Kylea: Seena and I co-developed the SoulCollage® Facilitator Training. Over the many years of co-training with her, I learned a lot from her respectful answers to trainees’ questions. Her relationship with poetry was wonderful and she memorized poems to speak to the group. She had a special relationship with the archetype of The Fool (She had two Fool cards, that I know of!) There were many gems, but the one that has stuck with me most indelibly was, “Cherish your interruptions!” In other words, “Be alert to the Fool thwarting your expectations and look for the gift in that interruption when that happens.”
AMS.com: I tend to accept SoulCollage® as a visual autobiography of living images. Gazing at the images on my cards, I find them soul restoring, energizing, life affirming. Coupled with journaling, I find the writing helps me focus on issues that might otherwise go unnoticed. Kylea, how specific should a question be? What approach do you use to open yourself up to exploring what a card has to say? Ever receive a message you didn’t like or didn’t heed? How did that work out for you?
Kylea: I like that definition, “living visual autobiography.” Everything in us and around us is always moving and interweaving. We are not separate, static entities. Our cards and our journaling and readings reflect this. That is why Seena suggested not putting words in a SoulCollage® card. Words tend to fix the flow of life, like putting a pin in it. When a question arises for me, at this point, sometimes it is not even in words. I have found, though, that synchronicity seems to respond to an urgent invocation, whether it is in words or more amorphous. That is, the more important the question is, the more help I seem to be able to get from the cards I draw. I wrote a blog entitled “The Solidarity of Values in a Changing World” recently after the US elections in November 2016 about a reading I did then.

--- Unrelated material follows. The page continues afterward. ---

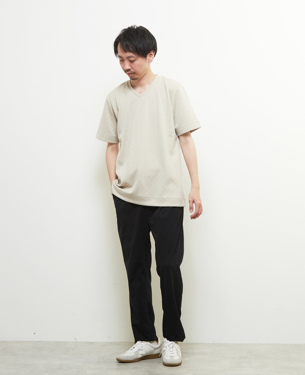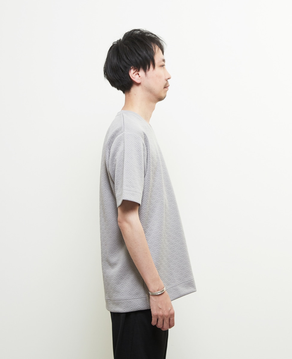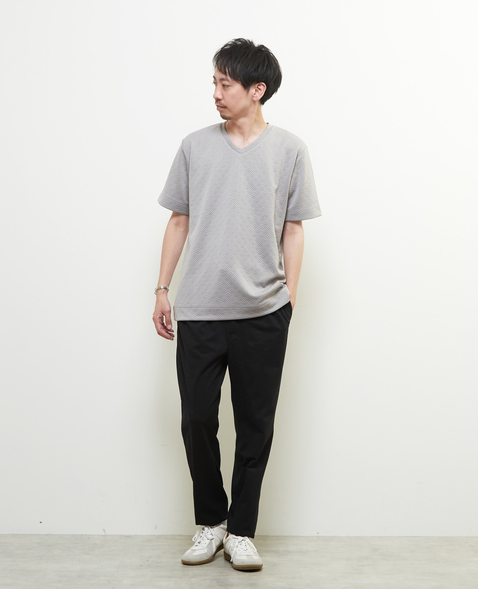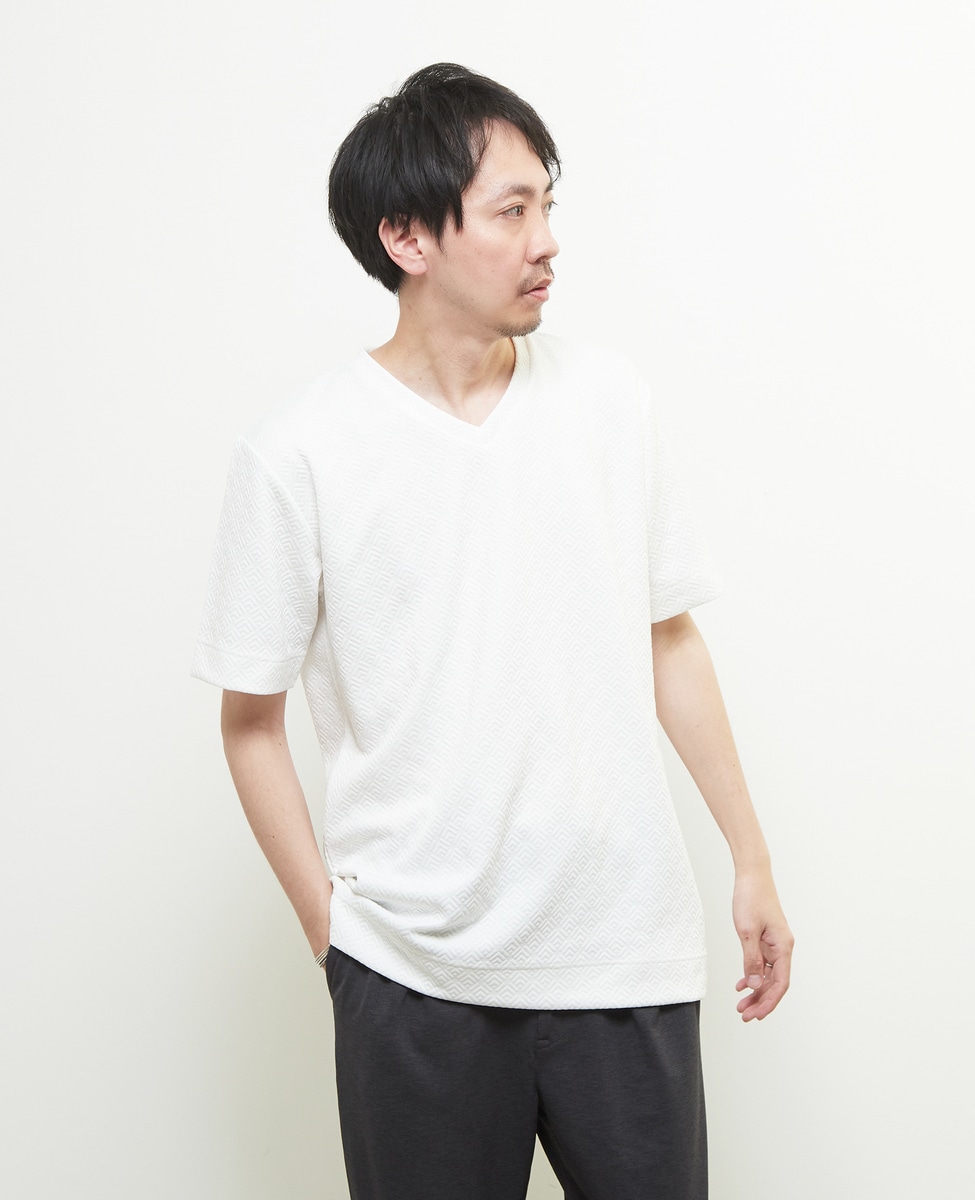 ジオメトリックブリスターVネックハーフスリーブTシャツ

AMS.com: Personally, I enjoy the physicality involved in cutting, pasting, feeling the texture of paper beneath my fingertips as I position an image on a background glued to a board. I like the tactile-ness of the search, of tracking down an image and it discovering me. Turning the pages of a magazine, digging through stacks of images to find the one that catches my eye, part of the journey. Do you think that something gets lost in translation when we use Photoshop or any kind of photo manipulation to crop and cut, paste and download an image we have no physical contact with? Do you think this detracts from the SoulCollage® experience, how and why?
Kylea: I too like the physical contact in making cards and the surprise of looking through magazines to find an image that resonates with me at that very time. I haven’t used Photoshop or computer manipulation myself in my card-making. Three of the Principles of SoulCollage® address our wish to respect copyright. Respecting copyright includes not resizing, altering or copying copyrighted images. Copyright-free images, on the other hand, can be downloaded from the internet and copied and manipulated in PhotoShop and then used in SoulCollage® cards if people want to make cards in that way. I know someone who has a number of specific hard-to-find symbols that are important to him, so he downloads, sizes, and uses them on cards for personal use only. Of course he doesn’t post these on the internet.
AMS.com: To conclude, I’d like you to choose a card from your SoulCollage® deck. Describe the card. Tell us its name. Using: I Am The One Who… Fill in the blanks Kylea, tell us what it says.
This card is very present with me right now and I talked about it in my blog. It is called The Watcher Crow. “I Am One Who is vigilant on behalf of my community. If I can be of service, I will be ready.”
Thank you, Kylea Taylor for this interview.